Relative Hydrophobicity of Drug Molecules and Retention Behavior in Hydrophobic Interaction Chromatography†

doi:10.7503/cjcu20170854

Abstract

Abstract:

Botanical medicine plays a significant role in research and production of new drugs, and attracts special attention due to its unique merits, such as rich source, less side effect. There exists certain difficulties to get target products from plant mixture in isolation and purification process. Reverse phase chromatography based on the difference in the polarity and hydrophobicity of drugs is one of the most important methods for purify active ingredients in plants. It is technical significant to establish a simple method to determine the hydrophobicity(retention time) of a target drug compound so as to design the stationary phase materials in chromatographic separation and collect mobile phase solution at an appropriate eluting period.

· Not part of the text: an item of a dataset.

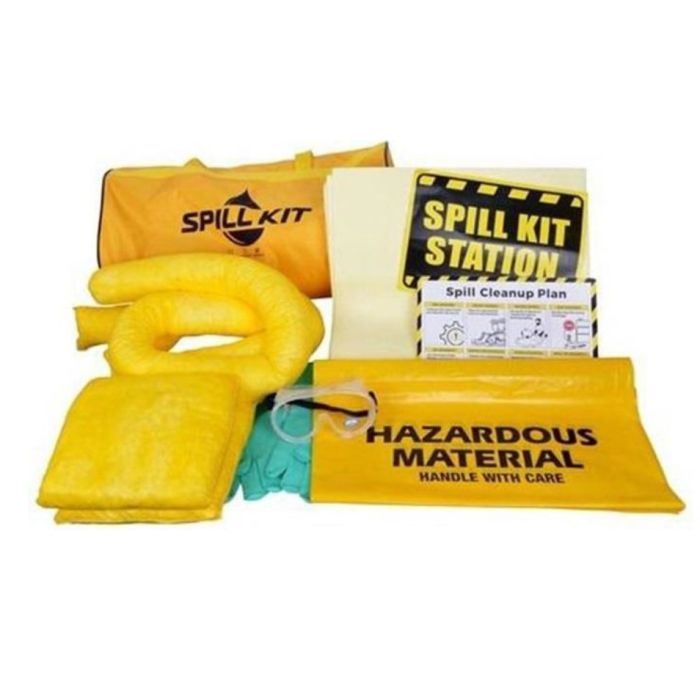 25 Pcs- Chemical absorbent pads (melt-blown) 2 Pcs – Chemical absorbent socks, medium size. 2 Pcs – Chemical absorbent pillows, medium size 2 Pcs – Hazmat waste disposal bag and tie. 1 Pc - Safety Goggles, Splash Proof 1 Pair – Nitrile Safety gloves 1 Pc – Spill control instruction guide 1 Pc - Spill Station Warning Sign 1 Pc – Yellow carry bag for spill kit contents

In this study, a variety of botanical medicines were selected as model compounds, their solubility parameters δ_t were calculated by the group contribution method based on the molecular structure of the model compounds and relative retention times t_RR were determined by HPLC. The mathematical model correlating the solubility parameter and the relative retention time is established, t_RR=-0.032+7.27144$e^{-\delta_{t}/3.53874}$(R=0.97). By the method we established, the relative retention time of a drug compound can be obtained by calculating the solubility parameter, which can be used to predict the hydrophobicity and determine the appropriate elution time of such drug compound from hydrophobic membrane chromatography.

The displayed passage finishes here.